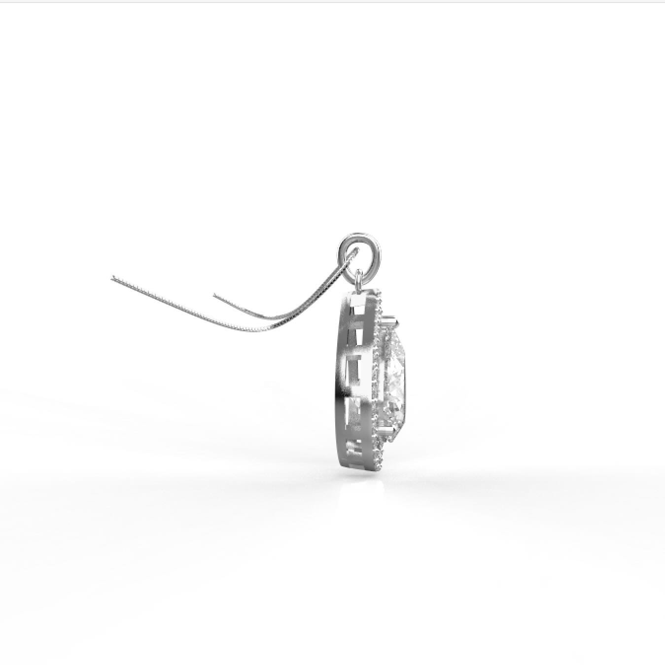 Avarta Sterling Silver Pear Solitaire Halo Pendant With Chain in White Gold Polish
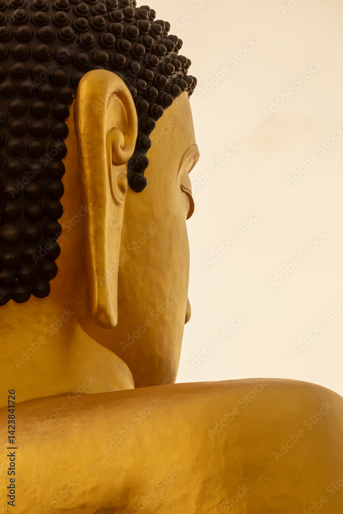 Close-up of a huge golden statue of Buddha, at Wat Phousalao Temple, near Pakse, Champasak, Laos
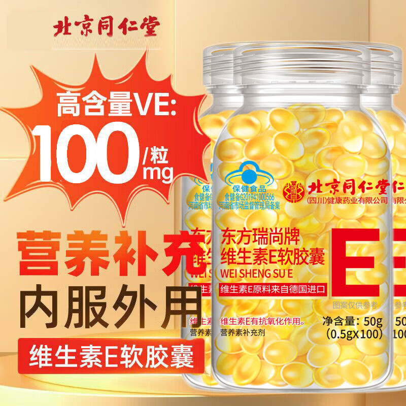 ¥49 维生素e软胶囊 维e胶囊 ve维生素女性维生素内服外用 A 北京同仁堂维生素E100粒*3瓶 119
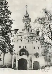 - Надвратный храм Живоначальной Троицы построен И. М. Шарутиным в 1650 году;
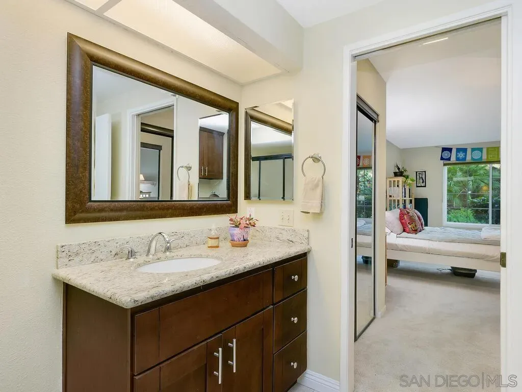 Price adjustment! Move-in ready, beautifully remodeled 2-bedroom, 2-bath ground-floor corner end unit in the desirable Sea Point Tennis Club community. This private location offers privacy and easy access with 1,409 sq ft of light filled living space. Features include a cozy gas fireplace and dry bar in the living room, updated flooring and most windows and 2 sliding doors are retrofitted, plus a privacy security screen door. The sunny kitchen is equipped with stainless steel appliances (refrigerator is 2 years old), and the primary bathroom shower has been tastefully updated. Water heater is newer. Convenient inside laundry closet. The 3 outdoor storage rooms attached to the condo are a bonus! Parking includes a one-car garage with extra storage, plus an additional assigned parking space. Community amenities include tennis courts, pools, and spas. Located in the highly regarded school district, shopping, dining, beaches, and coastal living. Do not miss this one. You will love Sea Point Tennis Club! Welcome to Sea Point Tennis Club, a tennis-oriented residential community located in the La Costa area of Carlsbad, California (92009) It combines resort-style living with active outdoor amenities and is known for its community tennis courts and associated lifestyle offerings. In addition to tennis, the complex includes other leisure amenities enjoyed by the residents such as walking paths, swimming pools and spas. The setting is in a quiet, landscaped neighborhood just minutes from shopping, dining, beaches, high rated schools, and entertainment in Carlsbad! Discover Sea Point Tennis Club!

=-=-=-=-=

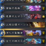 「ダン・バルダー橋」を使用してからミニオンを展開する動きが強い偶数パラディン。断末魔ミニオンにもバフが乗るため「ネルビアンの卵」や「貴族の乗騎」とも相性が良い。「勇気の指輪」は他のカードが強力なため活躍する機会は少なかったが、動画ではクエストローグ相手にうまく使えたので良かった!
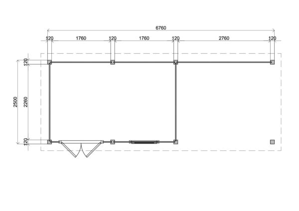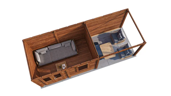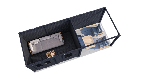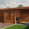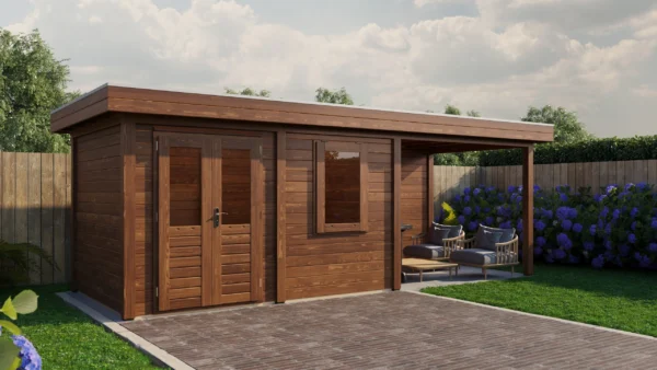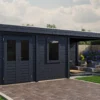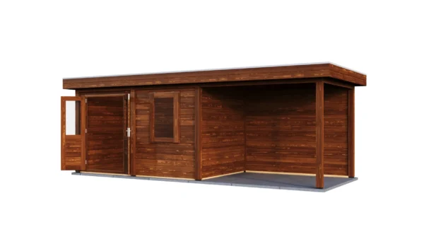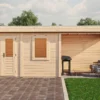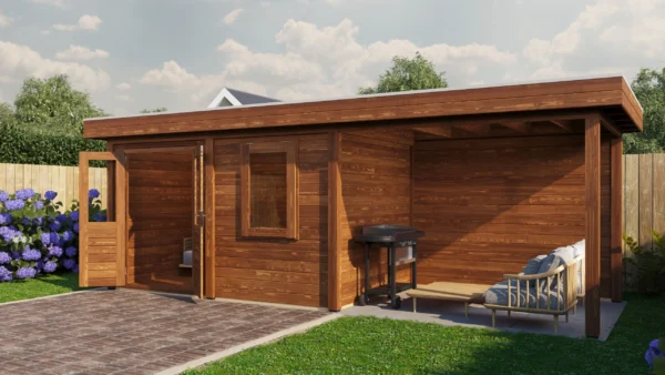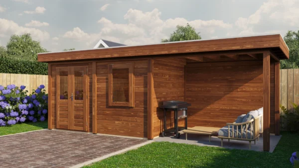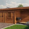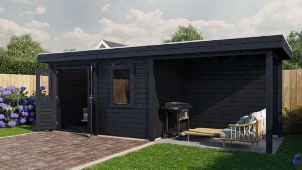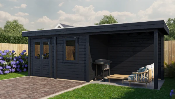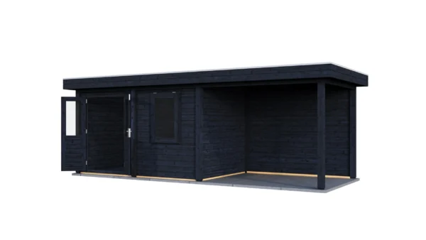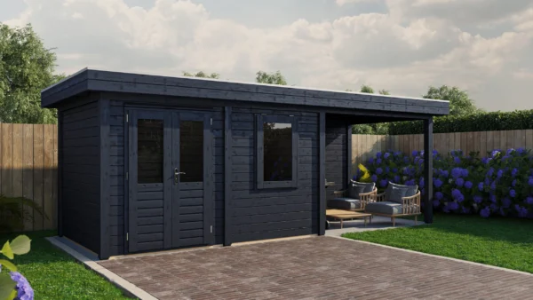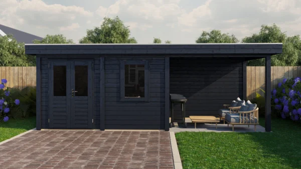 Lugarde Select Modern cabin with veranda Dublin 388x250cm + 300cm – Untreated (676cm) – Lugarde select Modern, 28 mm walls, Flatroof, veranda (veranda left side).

=-=-=-=-=

What is expected:
Print, exactly, each line above from the one with "Avarta Sterling Silver" to the one with "- Надвратный храм", end lines included. Leave pictures out of it.

Output for this exercise:
 Avarta Sterling Silver Pear Solitaire Halo Pendant With Chain in White Gold Polish
 Close-up of a huge golden statue of Buddha, at Wat Phousalao Temple, near Pakse, Champasak, Laos
 ¥49 维生素e软胶囊 维e胶囊 ve维生素女性维生素内服外用 A 北京同仁堂维生素E100粒*3瓶 119
 - Надвратный храм Живоначальной Троицы построен И. М. Шарутиным в 1650 году;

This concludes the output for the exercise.